→ Information shown
_____
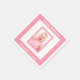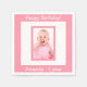 Um guardanapo para uma festa de primeiro aniversario de menina fofa. Fundo branco e cor-de-rosa, quadro e modelo cor-de-rosa para a sua própria foto da aniversariante. Letras cor-de-rosa e texto: Feliz Aniversário! Modelo de nome e idade 1-
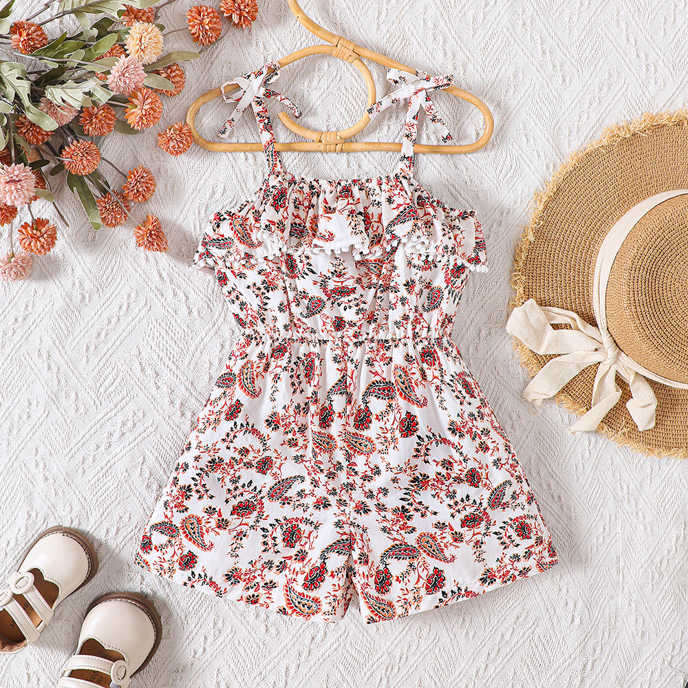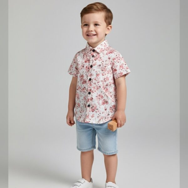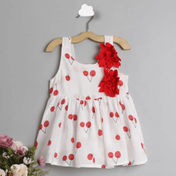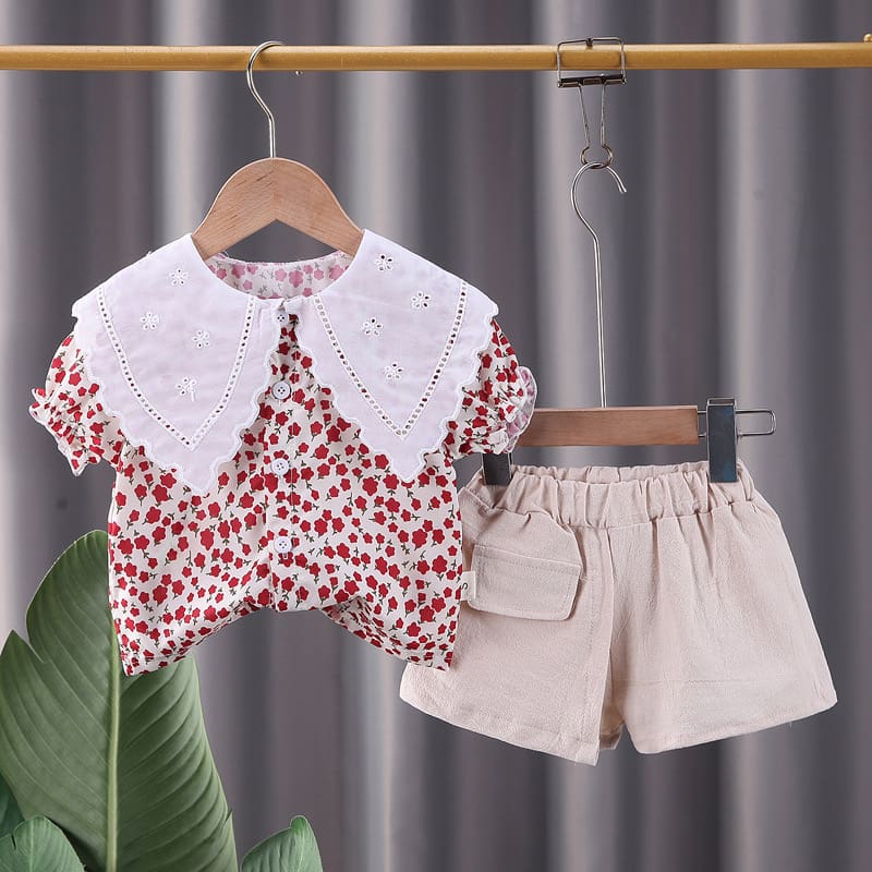 Girls Red Floral Print Short-Sleeve...
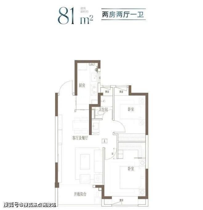 户型特点:小面积,低总价;2房朝南大面宽,舒适生活感受;卧室飘窗设计,释放更多公共空间。
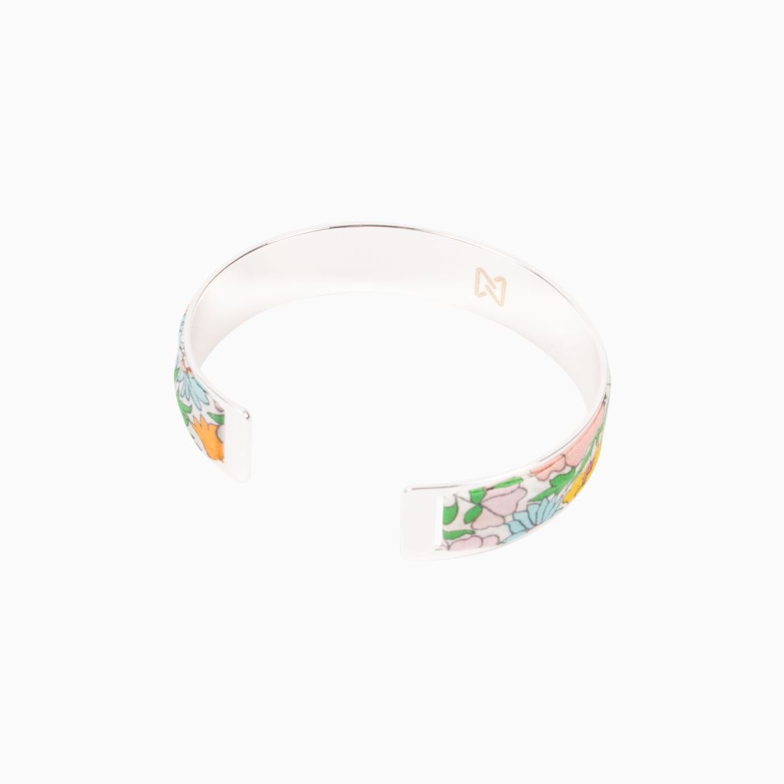 Add a touch of freshness and elegance to your wrist with this silver-plated brass bracelet, adorned with a delicate Liberty Poppy Limonade silk ribbon. Its luminous floral motif in sparkling shades will brighten up your outfit with finesse. Lightweight and adjustable, it's a natural choice for everyday wear and special occasions.
_____
→ Try it
Could you write out exactly the lines from the line containing "Girls Red Floral Print Short-Sleeve..." to the end of the material, and nothing else? No pictures belong in the copy.

→ Exercise response
 Girls Red Floral Print Short-Sleeve...
 户型特点:小面积,低总价;2房朝南大面宽,舒适生活感受;卧室飘窗设计,释放更多公共空间。
 Add a touch of freshness and elegance to your wrist with this silver-plated brass bracelet, adorned with a delicate Liberty Poppy Limonade silk ribbon. Its luminous floral motif in sparkling shades will brighten up your outfit with finesse. Lightweight and adjustable, it's a natural choice for everyday wear and special occasions.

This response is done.